According to that analysis, MSNBC and Fox were actually more attuned in their treatment of the worsening economy than either was with CNN. MSNBC gave the story 30% of the airtime studies, and Fox 21%, while CNN only gave it 14%. PEJ pointed out that both Fox and MSNBC have sibling business news channels, which might account for the amount of coverage.
The tables turned in terms of international coverage, with CNN, which has a sibling international channel, devoting 34% to international news, with only 20% for Fox and 14% for MSNBC.
Although historically the network newscasts have not had marked variations in coverage, says PEJ, but third-place CBS' signal it was looking to return to its hard news roots, appeared to be beginning to differentiate itself, said the report's authors.
CBS devoted 30% to two major stories, Middle East unrest and the economy, while ABC gave 24% of its news hole to those stoies, and NBC 23%.
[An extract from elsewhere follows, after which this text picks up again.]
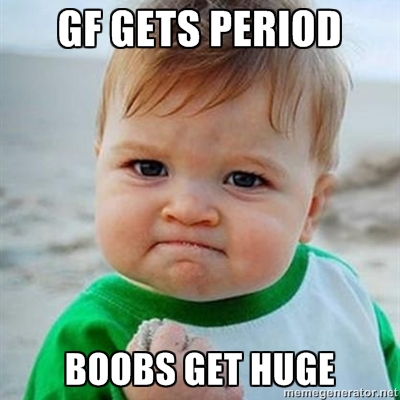 This is no joke. There are times when my breasts get so swollen I’m convinced a stiff wind will cause them to burst like water balloons hitting the ground. I wear “menstrual shirts” which are so loose and billowy that it looks as though I’m channeling my inner pirate. Some of my male friends joke that as a woman I shouldn’t complain about bigger breasts. Okay, well let’s inflate your scrotum until the skin becomes transparent, and it’s rubbing against your zipper all day long. Feels good, doesn’t it?

CBS also spent less time on celebrity, lifestyle or sports stories -- 7% vs. 9% for ABC and 11% for NBC -- and less time on disaster coverage: 7% vs. 11% for ABC and 9% for NBC.
PBS' NewsHour distinguished itself by devoting far more space to international events and U.S. foreign policy at 39% of its news hole versus compared to 28% in the general media sample, 23% on cable news, and 24% on the network evening broadcasts. But even so, the general sample showed an over 1.3 jump in the number of international stories.
The top story of the year was the U.S. economy at 20% of the news coverage, followed by Arab Spring at 12% and the presidential race at 9%. President Barack Obama was the top newsmaker, while two of the top eight newsmakers got their by dying: Muammar Gaddafi (#2) and Osama Bin Laden (#8). Also in the top 10 were presidential hopefuls Herman Cain. Mitt Romney, Rick Perry and Newt Gingrich, at numbers 3-6. House member and assassination attempt-survivor Gabrielle Giffords was the seventh biggest newsmaker, with House Speaker John Boehner and House now-ex member Rep. Anthony Weiner at numbers 9 and 10, respectively.
The Year in the News report was based on analysis of almost 46,000 stories produced Jan. 1-Dec. 11, 2011 by 52 traditional news outlets from main five media sectors, cable, broadcast network newscasts, national radio, online and print.